Ballast Types

NW Modeling List nw-modeling-list at
Fri Jun 10 13:35:26 EDT 2016

Thanks Dean.

I pulled out my father’s 1929 Railway Engineering and Maintenance Cyclopedia today.  I remembered it having a good coverage of ballast types, but didn’t recall if it addressed some standard form of “grading”.  Turns out it doesn’t, but it did rank different materials (Eric’s comment on slag reminded me of the article).  For my purposes, I’ll assume numbers 1 and 2 below would be considered Class #1, number 4 Class #2 and number 8 as Class three.

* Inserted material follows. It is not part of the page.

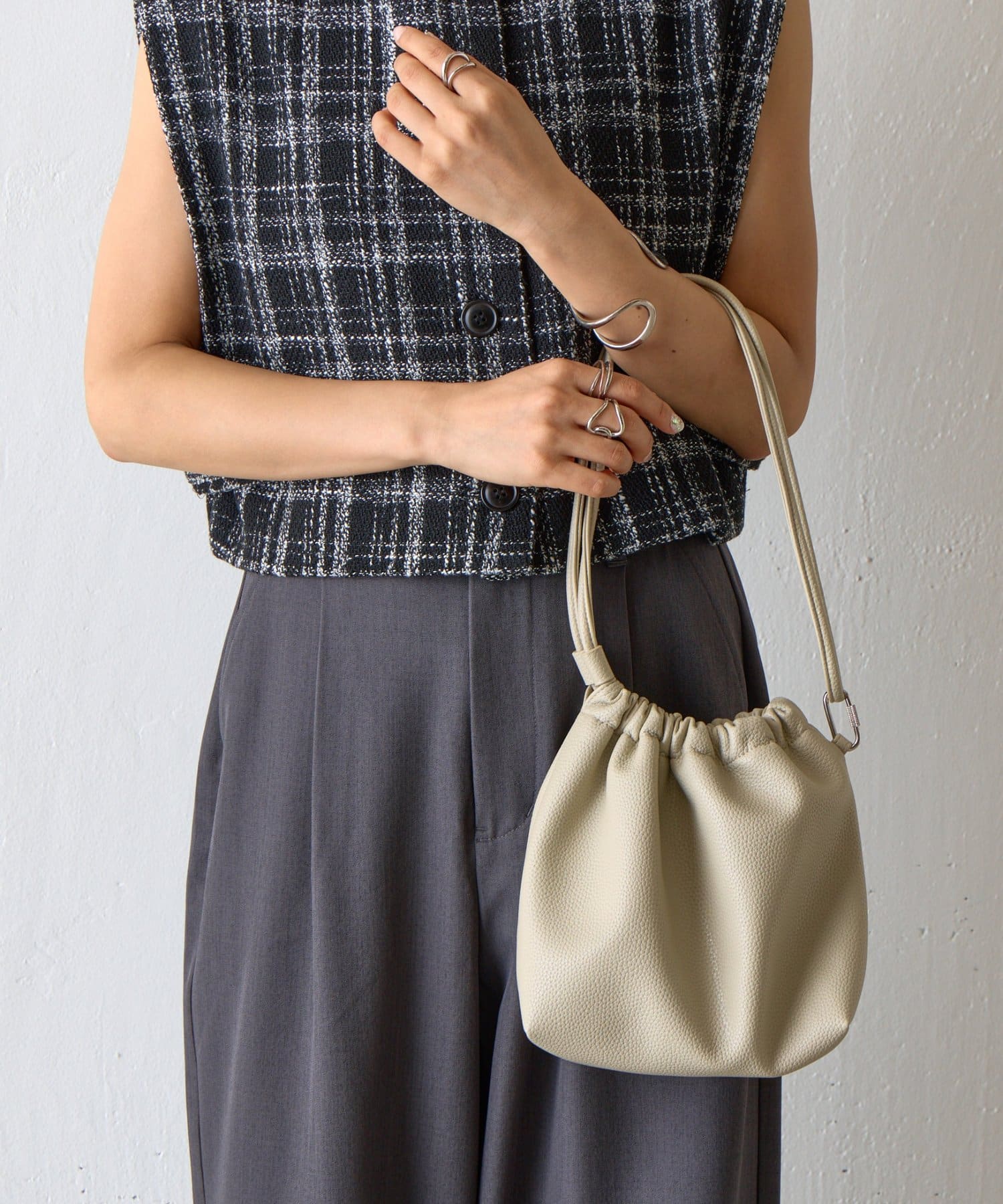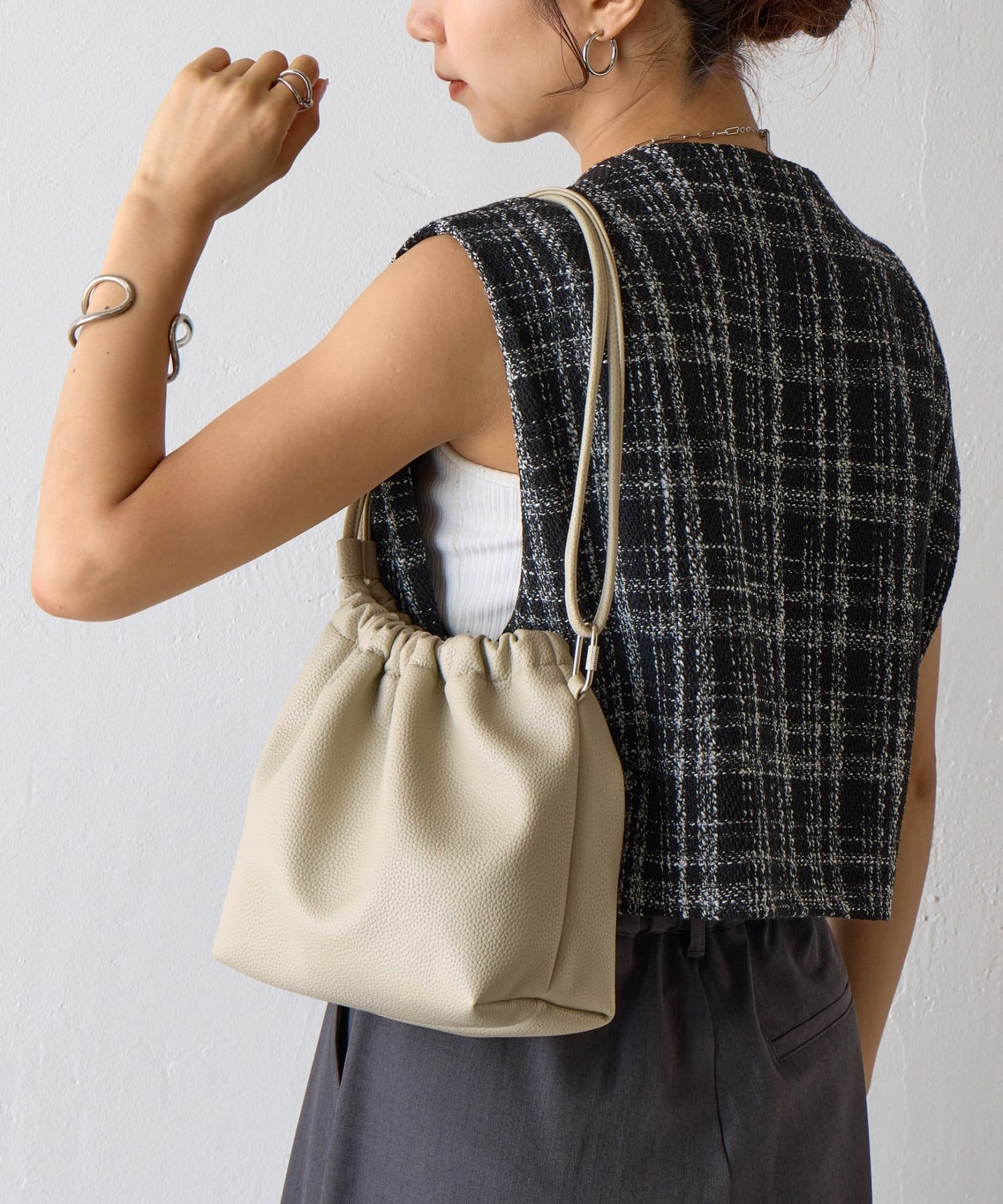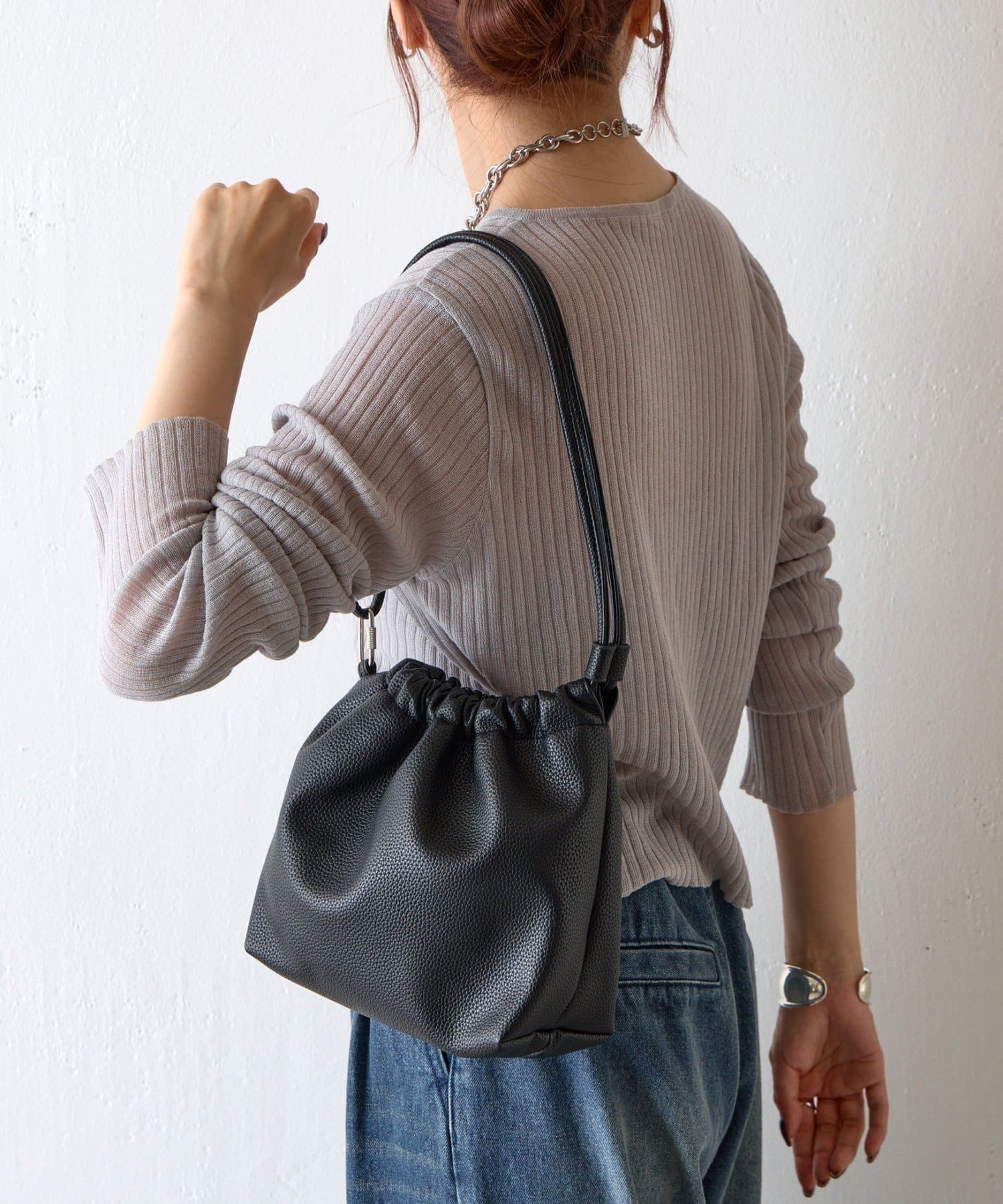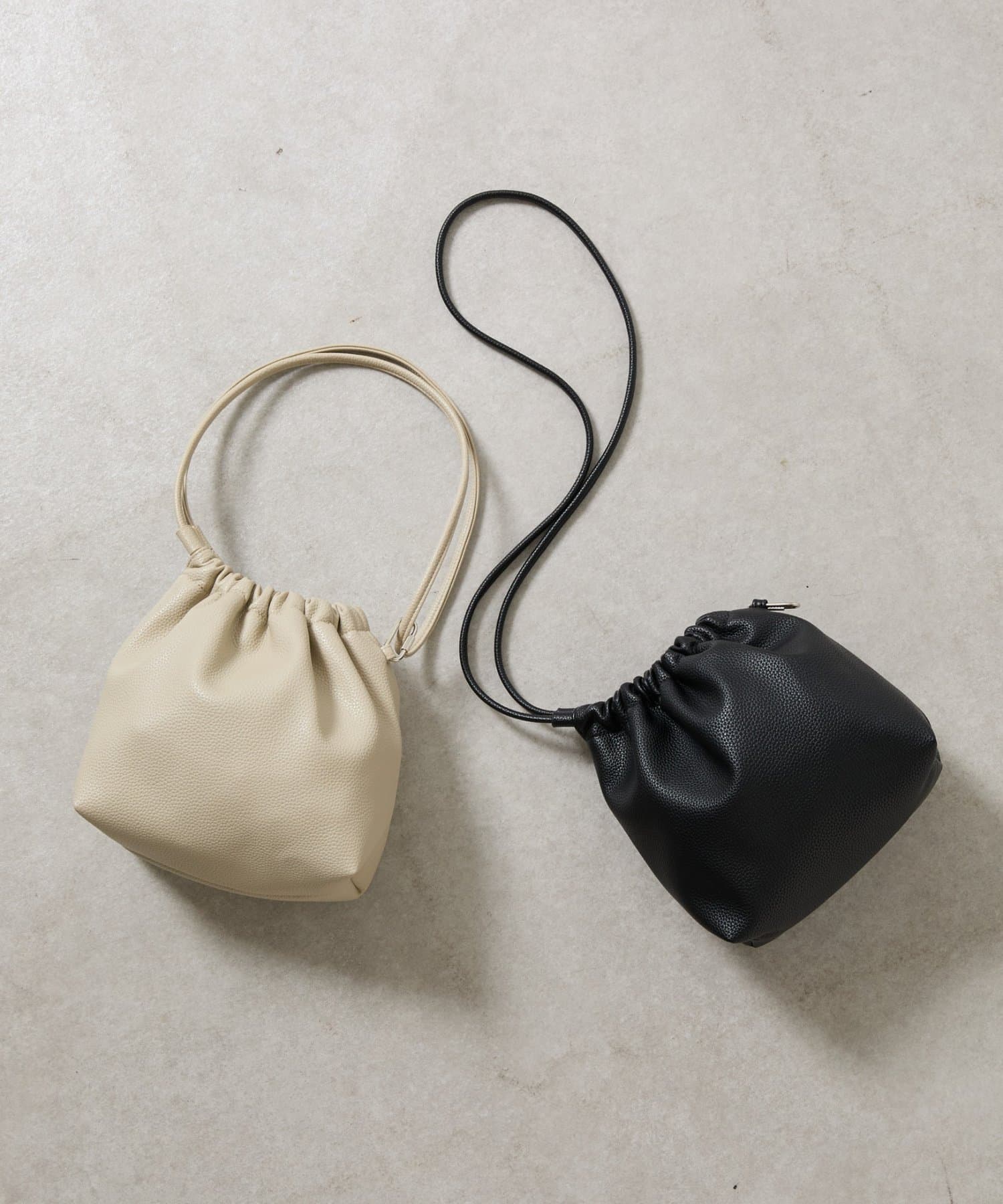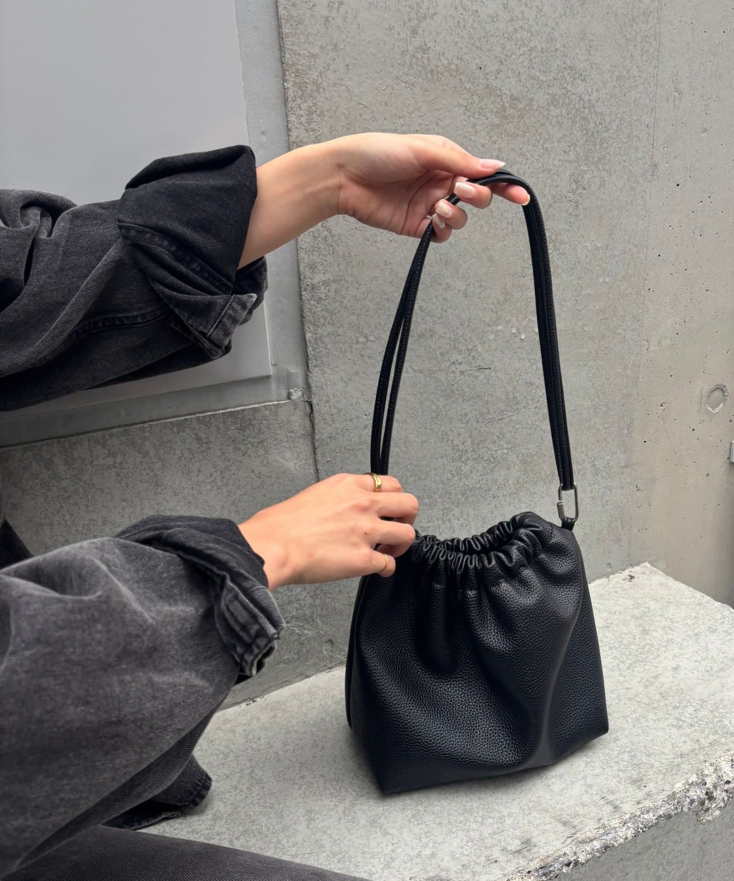 【くしゅっとしたフォルムが愛らしい、ドローストリングデザインのハンドバッグ】
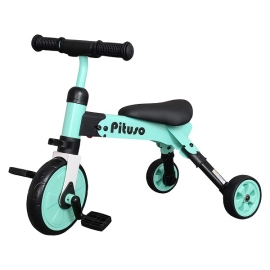 Трехколесный велосипед PITUSO 2 в 1, складной. Легкий, компактный, удобный и яркий. Можно использовать как каталку, при снятии передних педалей. Для хранения педалей на передней части велосипеда имеется специальное крепление. Компактные габариты в сложенном состоянии и малый вес, позволяют легко переносить и хранить.

The AREA Committee on Ballast studied the comparative merits of ballast material and offered the following views at the 1929 convention:

Ranking on comparative merits:
1 - Stone - Broken stone is the best ballast for heavy, high speed traffic.  Keeps track in line well, drains very well, resists fouling, but can be reused after cleaning (every three years on coal carrying lines close to mines), and has low dust (good for passenger traffic).  First cost is high.
2 - Washed gravel - When prepared correctly, is good for heavy, high speed traffic.  Fouls quickly and cannot be cleaned - so must be replaced with new ballast (three to seven years, spending on load and proximity to mines). Drains well.  Cost of maintenance such as surfacing is less costly than stone, but requires more frequent attention as it has a tendency to “creep” out from under ties.
3 - Slag - Broken or crushed slag varies greatly in hardness, with some being the equal of broken stone.  Others are too soft, and will break down under tamping and will begin to hold water.  Granulated slag drains better than sand, but has high cementing values, making it hard to maintain.  
4 - Screened gravel - If gravel is screened it is usually also washed.  If unwashed, it retains too much dirt (which promotes vegetation and doesn’t drain well, is dusty and muddy) and is not economical for use except for yard or side tracks.
5 - Pit run gravel - Quality varies greatly.  Exceedingly difficult to drain, fouls soon leading to expensive maintenance.  Where the deposit is free from dirt and loam and not too much sand, it drains well and can give satisfactory service for light traffic, and makes a good sub-ballast.
6 - Chatts (material obtained from the tailings or waste from the concentration of zinc, lead and other ores) - Limited to areas close to the source. Zinc chatts is coarser than lead chats, so drains better and is considerably less dusty than the very fine lead chats.  Considered economical where better material is not available.
7 - Burnt clay - Use is limited to a very small area.  It is recommended that the item be eliminated from classification (of a ballast material).
8 - Cinder - Low cost since the only expense is haulage.  Drains well when new, but disintegrates rapidly.  Suitable for side tracks of lines with light traffic or for track on unstable roadbed (excellent sub ballast in wet roadbed conditions).  Very easy to work, making it ideal for small track forces.  Cinder quality is higher if they are cooled with water immediately after dumping, rather than being allowed to burn.

Matt Goodman
Columbus Ohio

On Jun 10, 2016, at 7:05 AM, NW Modeling List <nw-modeling-list at> wrote:

From my experience just what I have seen in researching the bluestone branch. I think that No2 is a mixture of smaller stone and cinder mix i hope this helps. .. Dean Taylor

On Jun 10, 2016 6:40 AM, "NW Modeling List via NW-Modeling-List" <nw-modeling-list at <mailto:nw-modeling-list at>> wrote:
Hello List,

I’m looking through a reprint of the N&W Standards Drawings, specifically ballast sections.  The drawings show the ballast sections for tangents and curves (as well as single and double track) with “Class #1” ballast and a separate profile for “Class #2 or 3” ballast.

I’ll assume Class 1 is crushed rock; what is Class 2 and 3?  My guess is 3 is probably cinder and 2 is maybe gravel, but they're just that, guesses.

Any idea?  Or should this go to the main list?